Plenty is new since the last
Letter, more than I can talk about in one column. So hopefully
I'll be able to pull myself together and string a few weeks'
worth of them together for your reading enjoyment.
This weeks topic is high
availability computing. It really doesn't have that much of an
application to the average Linux user, but it's an interesting
subject and one for which Linux is well suited.
A while back, Ebay, the
Internet auction service, was down for almost a day. The company
estimated that it lost about $40 million in business and the
stock price plummeted in response. High availability computing
is an option that companies can use to fight against
catastrophic computer failures like that.

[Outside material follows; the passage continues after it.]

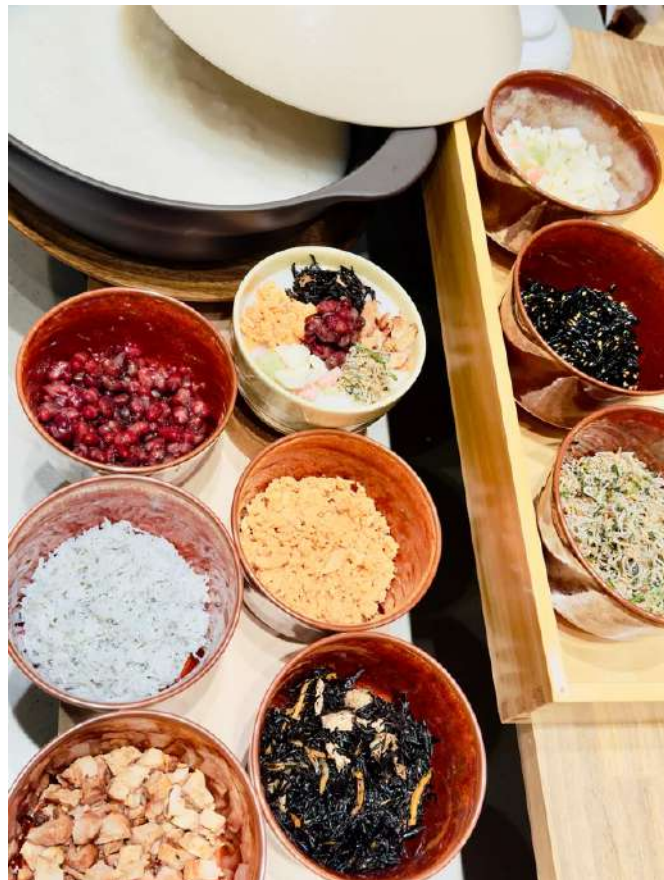
「ニシン蕎麦」以外の朝食メニュー

今回のリニューアルにより、より快適で多目的な空間、そして京都ならではの魅力あるお食事をお楽しみいただけるレストランへ生まれ変わりました。

In order to understand why
high availability systems are important, its necessary to have
an idea about how they work. Designers of the systems analyze
all of the possible ways that a computer system or network of
computers can fail, and then devise schemes to either prevent
the failures or work around them. Other methods of providing
high availability include clustering multiple servers together
and distributing the network load evenly amongst them, a concept
called load balancing.
System monitoring is critical
to high availability computing because if a node in a network
goes down, the rest of the network needs to know immediately so
that data does not become corrupted. Another potential problem
in clustered servers is for a node to fail, then come back to
life without going through a proper startup. If the rest of the
network does not know the status of the node, data corruption is
almost certain.
Functionally, a high
availability system is composed of several nodes, with each node
usually being a separate computer. Special software monitors the
nodes and removes any failed nodes from service, seamlessly
allowing the other nodes to continue to function without
interruption.
The measurement of a high
availability system is traditionally expressed in terms of
uptime. 99.9% uptime is the accepted beginning of high
availability and translates into about 9 hours of downtime per
year. As the number of "nines" increases, so does the
complexity of the system. Of course, increased complexity and
reliability translates directly into increased cost, so true
high availability systems tend to be quite expensive. But, as
demonstrated by the Ebay case, the relative cost can be an easy
amount to swallow.
Linux is a great candidate for
high availability because the operating system's source code is
freely available. The High Availability Linux Project is an open
source attempt to develop such a system by creating software
tools to monitor a cluster of Linux-based computers.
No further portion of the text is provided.